Malaria is one of the most prevalent diseases in the tropical and sub tropical world. It is caused by infection with parasites of the genus Plasmodium. In addition to the common symptoms there is also the possibility of developing Cerebral Malaria. This is a rare occurrence but accounts for over two million deaths a year in children under 5 years of age. Examination of the brain tissue of diseased individuals shows blockage of brain microvessicles. These blockages are composed primarily of host platelets and Plasmodium infected red blood cells, sometimes with the presence of leukocytes. The damage to the brain can only be studied in deceased human patients. However, the use of a Murine (mouse) model illustrates the course the disease is likely to take in humans.

The breakdown of the blood brain barrier is key to the pathogenesis of the disease. The mouse model implicates the host platelets as having a key role in this. There are three possible ways that platelets can alter the blood-brain barrier (endothelial cells). They can secrete inflammatory mediators like IL-1, affect leukocytes directly, and congregate with infected red blood cells forming clumps. To study this interaction more thoroughly the authors developed an in vitro model of a cerebral malaria endothelial lesion. The findings corresponded with what was known about the pathogenesis in humans. Platelets were found in higher levels in the brain microvessicles of those that died of cerebral malaria. Platelets express large amounts of CD36 on their surface. This protein is known to assist in the binding of the platelet-infected RBC aggregate to endothelial cells. These observations indicate a definite role for platelets in the pathogenesis of cerebral malaria. The accumulation of these cells in brain micovessicles may contribute directly to the microvascular damage.

Microparticles have also been implicated in the disease process. Microparticles are phospholipid micro vesicles containing cell surface proteins from their parent cell. These are released during membrane rearrangement and vesiculation in eukaryotic cells. Plasma samples from individuals with acute cerebral malaria indicated far higher levels of endothelial microparticles than are present in a standard malaria infection. These levels also correlated to increased levels of TNF, which is known to increase the release of endothelial microparticles.

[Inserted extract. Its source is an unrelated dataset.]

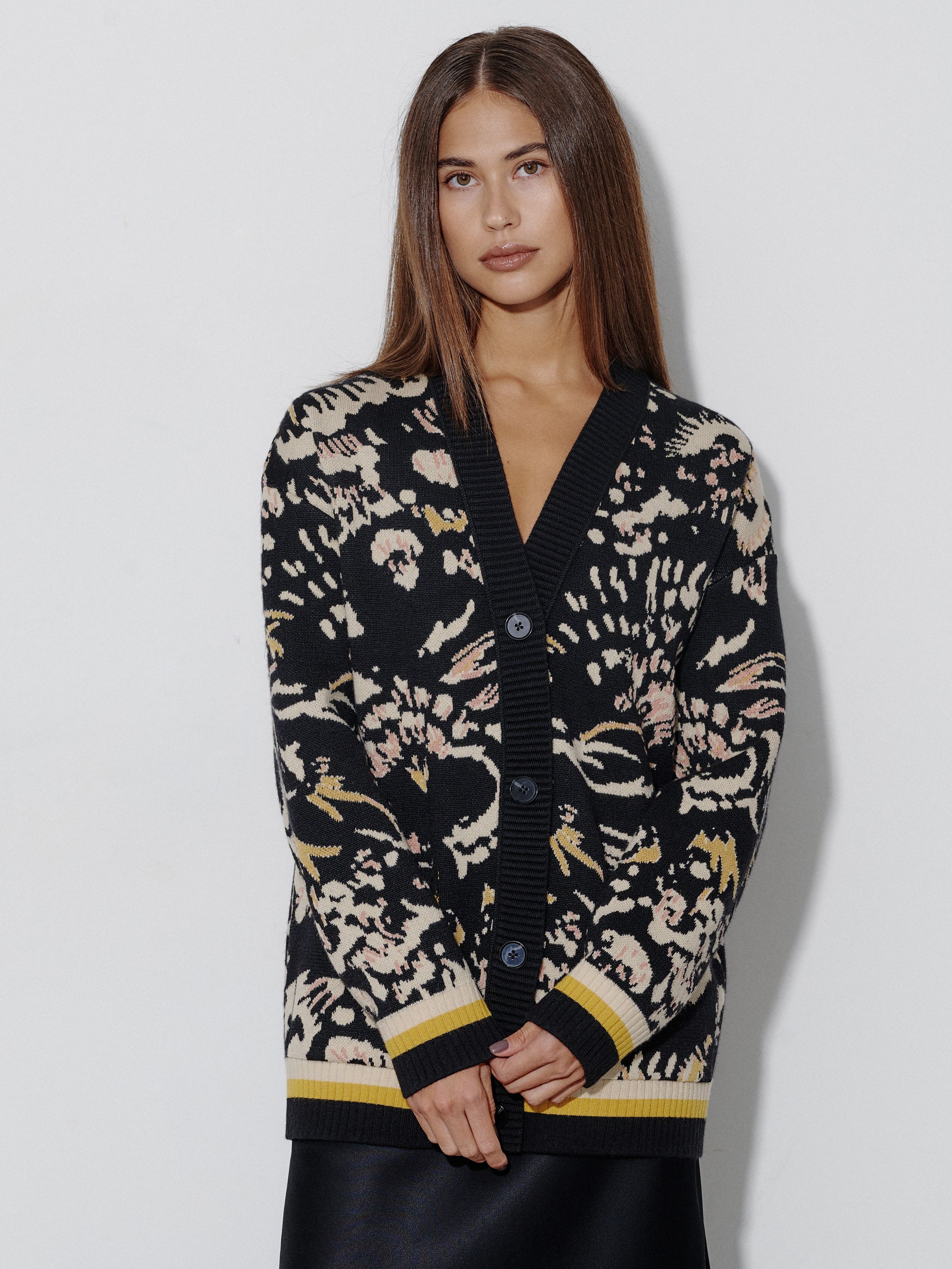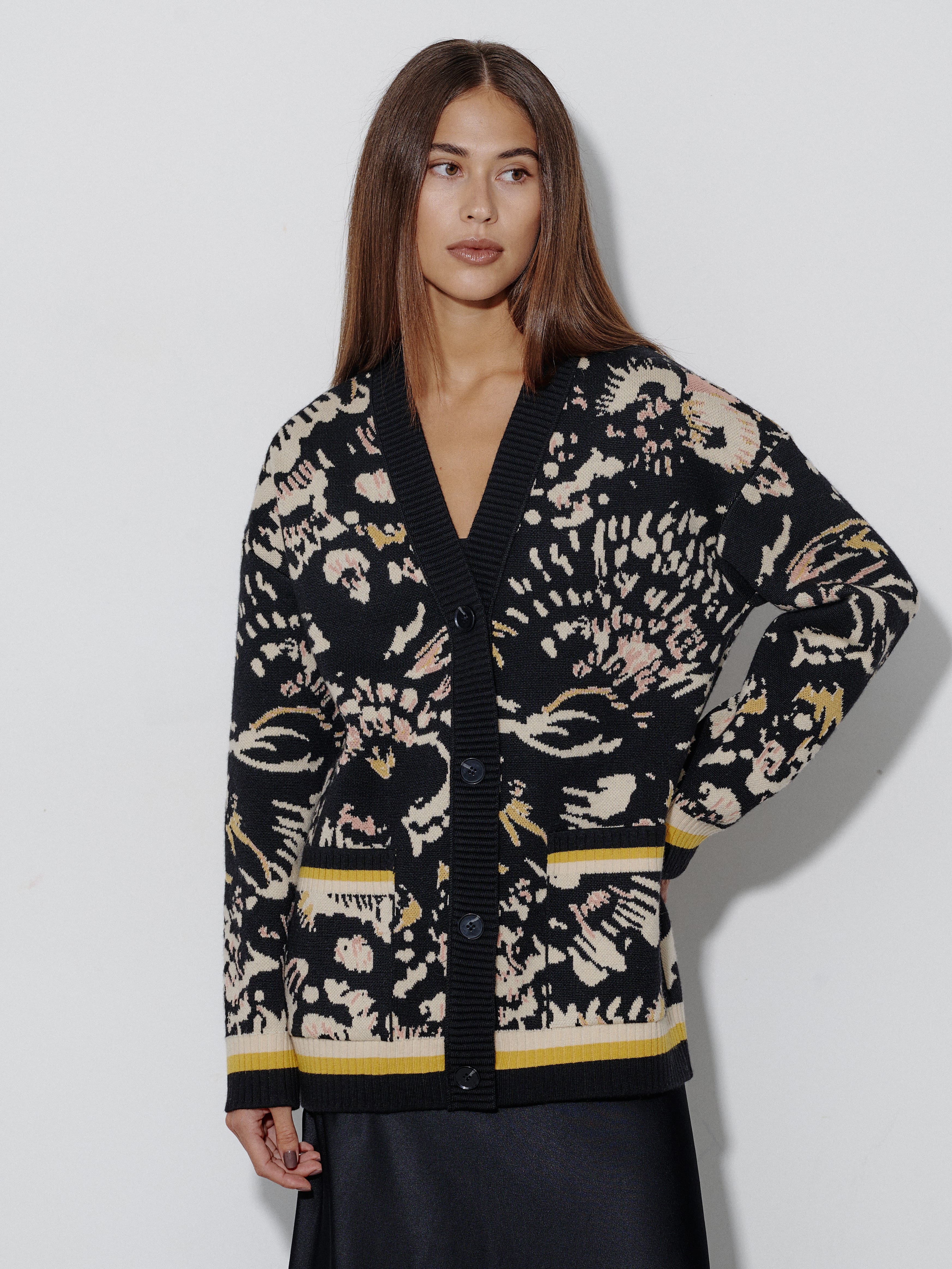 Кардиган из шерсти мериноса с авторским принтом Горизонт

In a mouse model using knockout mice deficient in ABCA1 (a protein relating to erythrocyte vesiculation) the disease process was tracked. The mice lacking ABCA1 had no legions and did not contract cerebral malaria. Levels of TNF and microparticles were also much lower in the experimental mice as compared to the control group. This seems to indicate that microparticles are involved as with decreased vesiculation comes less microparticle production. While it can not yet be proposed that microparticles have a definite role it seems possible as we know they can act as effector molecules. Additional tests show that microparticles from the control animals caused more clotting than the microparticles from the knockout mice.

These discoveries could result in new therapies for cerebral malaria. If the cell to cell interactions of platelets and infected red blood cells could be lessened it would likely result in resistance to the breakdown of the blood-brain barrier. In addition microparticles may also be targeted. The decrease in microparticles in knockout animals seemed to protect them from the neurological symptoms.